_Problem details_:
Could you filter the data below down to the lines that hold the word "made"?

_Provided data_:
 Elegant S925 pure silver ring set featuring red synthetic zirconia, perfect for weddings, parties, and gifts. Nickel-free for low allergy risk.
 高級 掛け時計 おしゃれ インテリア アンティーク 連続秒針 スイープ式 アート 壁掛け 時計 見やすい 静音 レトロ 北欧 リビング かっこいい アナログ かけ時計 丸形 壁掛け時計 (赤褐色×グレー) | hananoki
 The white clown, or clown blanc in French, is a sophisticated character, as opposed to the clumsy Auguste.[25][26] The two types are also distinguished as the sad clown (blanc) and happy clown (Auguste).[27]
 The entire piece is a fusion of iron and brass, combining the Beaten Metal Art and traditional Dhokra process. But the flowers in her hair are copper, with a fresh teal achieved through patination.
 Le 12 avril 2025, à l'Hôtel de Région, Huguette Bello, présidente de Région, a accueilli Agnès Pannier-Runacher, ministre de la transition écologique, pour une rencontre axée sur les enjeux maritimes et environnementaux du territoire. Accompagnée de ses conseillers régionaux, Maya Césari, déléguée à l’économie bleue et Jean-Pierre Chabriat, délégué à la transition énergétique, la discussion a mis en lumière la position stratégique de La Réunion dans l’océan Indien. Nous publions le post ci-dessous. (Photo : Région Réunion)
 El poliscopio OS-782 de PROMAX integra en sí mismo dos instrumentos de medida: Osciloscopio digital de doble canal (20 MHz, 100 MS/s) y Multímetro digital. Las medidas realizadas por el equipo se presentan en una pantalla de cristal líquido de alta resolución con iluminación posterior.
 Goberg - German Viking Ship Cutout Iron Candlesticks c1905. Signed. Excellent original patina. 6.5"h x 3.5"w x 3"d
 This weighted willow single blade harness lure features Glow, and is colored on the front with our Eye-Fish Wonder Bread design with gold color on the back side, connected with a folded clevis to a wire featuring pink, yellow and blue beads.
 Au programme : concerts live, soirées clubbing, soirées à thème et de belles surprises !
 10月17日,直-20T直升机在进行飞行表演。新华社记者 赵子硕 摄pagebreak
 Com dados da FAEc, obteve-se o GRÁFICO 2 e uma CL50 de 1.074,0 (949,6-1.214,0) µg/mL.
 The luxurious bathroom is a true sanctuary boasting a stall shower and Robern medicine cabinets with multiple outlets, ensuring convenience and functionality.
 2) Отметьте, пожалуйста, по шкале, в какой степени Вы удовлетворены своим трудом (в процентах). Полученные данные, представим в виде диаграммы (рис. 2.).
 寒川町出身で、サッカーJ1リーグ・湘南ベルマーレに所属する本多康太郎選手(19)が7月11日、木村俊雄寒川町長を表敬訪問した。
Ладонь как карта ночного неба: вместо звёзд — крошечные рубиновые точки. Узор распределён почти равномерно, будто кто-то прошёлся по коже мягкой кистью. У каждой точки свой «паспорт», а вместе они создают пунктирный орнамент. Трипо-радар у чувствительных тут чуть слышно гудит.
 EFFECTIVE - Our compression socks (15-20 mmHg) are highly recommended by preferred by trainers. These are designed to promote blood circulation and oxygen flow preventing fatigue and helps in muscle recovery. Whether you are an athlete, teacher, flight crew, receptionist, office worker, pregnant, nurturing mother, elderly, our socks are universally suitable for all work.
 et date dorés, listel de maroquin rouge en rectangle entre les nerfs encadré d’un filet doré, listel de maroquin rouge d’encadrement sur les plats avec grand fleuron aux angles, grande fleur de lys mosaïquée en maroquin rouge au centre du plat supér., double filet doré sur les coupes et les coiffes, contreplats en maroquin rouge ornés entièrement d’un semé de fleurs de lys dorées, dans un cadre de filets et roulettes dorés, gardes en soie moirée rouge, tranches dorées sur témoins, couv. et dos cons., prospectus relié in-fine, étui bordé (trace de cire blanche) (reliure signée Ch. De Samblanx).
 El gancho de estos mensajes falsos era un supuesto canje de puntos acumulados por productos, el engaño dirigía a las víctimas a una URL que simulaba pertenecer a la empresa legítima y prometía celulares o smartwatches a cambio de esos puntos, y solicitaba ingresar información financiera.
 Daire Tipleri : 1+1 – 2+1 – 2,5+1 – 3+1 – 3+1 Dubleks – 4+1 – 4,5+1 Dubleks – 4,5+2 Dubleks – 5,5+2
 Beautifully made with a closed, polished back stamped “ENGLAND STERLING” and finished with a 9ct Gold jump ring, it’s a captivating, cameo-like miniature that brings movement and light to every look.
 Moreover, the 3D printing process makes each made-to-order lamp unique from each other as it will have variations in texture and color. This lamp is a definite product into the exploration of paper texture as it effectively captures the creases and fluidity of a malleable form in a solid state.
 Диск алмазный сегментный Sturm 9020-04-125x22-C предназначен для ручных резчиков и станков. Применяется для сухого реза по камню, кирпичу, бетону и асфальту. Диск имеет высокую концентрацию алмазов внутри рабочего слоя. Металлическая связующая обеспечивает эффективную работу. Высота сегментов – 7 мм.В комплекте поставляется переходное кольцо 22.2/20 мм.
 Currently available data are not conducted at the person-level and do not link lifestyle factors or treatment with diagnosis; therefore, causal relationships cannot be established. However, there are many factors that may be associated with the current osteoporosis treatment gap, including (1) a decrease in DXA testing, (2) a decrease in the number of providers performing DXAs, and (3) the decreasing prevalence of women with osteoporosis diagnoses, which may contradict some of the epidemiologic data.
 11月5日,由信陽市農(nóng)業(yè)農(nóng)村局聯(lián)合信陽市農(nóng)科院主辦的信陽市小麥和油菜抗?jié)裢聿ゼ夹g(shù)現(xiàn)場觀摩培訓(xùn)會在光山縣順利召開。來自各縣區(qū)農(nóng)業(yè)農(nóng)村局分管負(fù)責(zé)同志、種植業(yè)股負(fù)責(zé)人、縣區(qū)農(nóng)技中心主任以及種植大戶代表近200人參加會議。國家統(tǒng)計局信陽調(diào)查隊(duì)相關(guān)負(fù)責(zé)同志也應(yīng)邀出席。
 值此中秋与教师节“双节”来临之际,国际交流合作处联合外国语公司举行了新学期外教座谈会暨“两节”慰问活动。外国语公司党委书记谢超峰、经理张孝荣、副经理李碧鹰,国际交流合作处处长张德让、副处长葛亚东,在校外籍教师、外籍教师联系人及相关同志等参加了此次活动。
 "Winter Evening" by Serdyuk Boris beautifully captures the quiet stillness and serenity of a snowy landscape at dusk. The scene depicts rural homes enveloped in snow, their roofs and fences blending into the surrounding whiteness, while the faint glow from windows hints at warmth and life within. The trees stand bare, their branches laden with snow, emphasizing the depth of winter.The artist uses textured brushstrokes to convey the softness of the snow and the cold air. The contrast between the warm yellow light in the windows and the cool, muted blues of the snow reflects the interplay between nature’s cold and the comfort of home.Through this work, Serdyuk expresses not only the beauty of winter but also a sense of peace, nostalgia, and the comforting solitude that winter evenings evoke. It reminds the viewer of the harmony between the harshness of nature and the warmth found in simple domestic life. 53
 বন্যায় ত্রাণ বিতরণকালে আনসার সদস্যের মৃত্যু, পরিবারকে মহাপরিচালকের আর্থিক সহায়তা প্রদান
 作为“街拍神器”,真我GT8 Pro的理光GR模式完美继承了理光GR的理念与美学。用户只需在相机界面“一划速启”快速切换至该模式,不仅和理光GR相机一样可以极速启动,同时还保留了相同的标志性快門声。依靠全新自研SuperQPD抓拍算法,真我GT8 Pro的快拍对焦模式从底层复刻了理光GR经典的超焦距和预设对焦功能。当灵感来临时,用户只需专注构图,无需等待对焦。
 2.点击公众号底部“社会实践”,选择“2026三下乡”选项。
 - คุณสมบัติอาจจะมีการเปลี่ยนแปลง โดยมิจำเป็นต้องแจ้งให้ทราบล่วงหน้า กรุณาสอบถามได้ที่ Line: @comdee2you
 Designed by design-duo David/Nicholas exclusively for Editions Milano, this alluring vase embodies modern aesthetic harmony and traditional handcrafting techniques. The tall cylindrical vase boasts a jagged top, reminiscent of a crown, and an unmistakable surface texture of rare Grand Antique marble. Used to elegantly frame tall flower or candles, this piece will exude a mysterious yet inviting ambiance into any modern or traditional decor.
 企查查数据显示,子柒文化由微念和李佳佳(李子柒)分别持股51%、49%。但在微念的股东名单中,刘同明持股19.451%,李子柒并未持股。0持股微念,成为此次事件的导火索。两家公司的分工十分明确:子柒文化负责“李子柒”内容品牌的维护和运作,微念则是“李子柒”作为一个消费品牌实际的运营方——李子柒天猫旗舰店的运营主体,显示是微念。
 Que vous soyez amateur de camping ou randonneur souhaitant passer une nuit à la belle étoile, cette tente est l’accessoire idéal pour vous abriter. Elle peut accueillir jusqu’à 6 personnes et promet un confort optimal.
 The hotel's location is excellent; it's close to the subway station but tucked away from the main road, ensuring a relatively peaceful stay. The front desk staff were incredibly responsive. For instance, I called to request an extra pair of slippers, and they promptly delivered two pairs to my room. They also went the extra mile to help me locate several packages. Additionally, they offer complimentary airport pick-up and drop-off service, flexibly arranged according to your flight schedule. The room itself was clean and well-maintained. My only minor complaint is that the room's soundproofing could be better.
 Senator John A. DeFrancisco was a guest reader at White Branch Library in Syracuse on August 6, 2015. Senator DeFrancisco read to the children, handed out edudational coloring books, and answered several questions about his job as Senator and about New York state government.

_Solved exercise_:
 Beautifully made with a closed, polished back stamped “ENGLAND STERLING” and finished with a 9ct Gold jump ring, it’s a captivating, cameo-like miniature that brings movement and light to every look.
 Moreover, the 3D printing process makes each made-to-order lamp unique from each other as it will have variations in texture and color. This lamp is a definite product into the exploration of paper texture as it effectively captures the creases and fluidity of a malleable form in a solid state.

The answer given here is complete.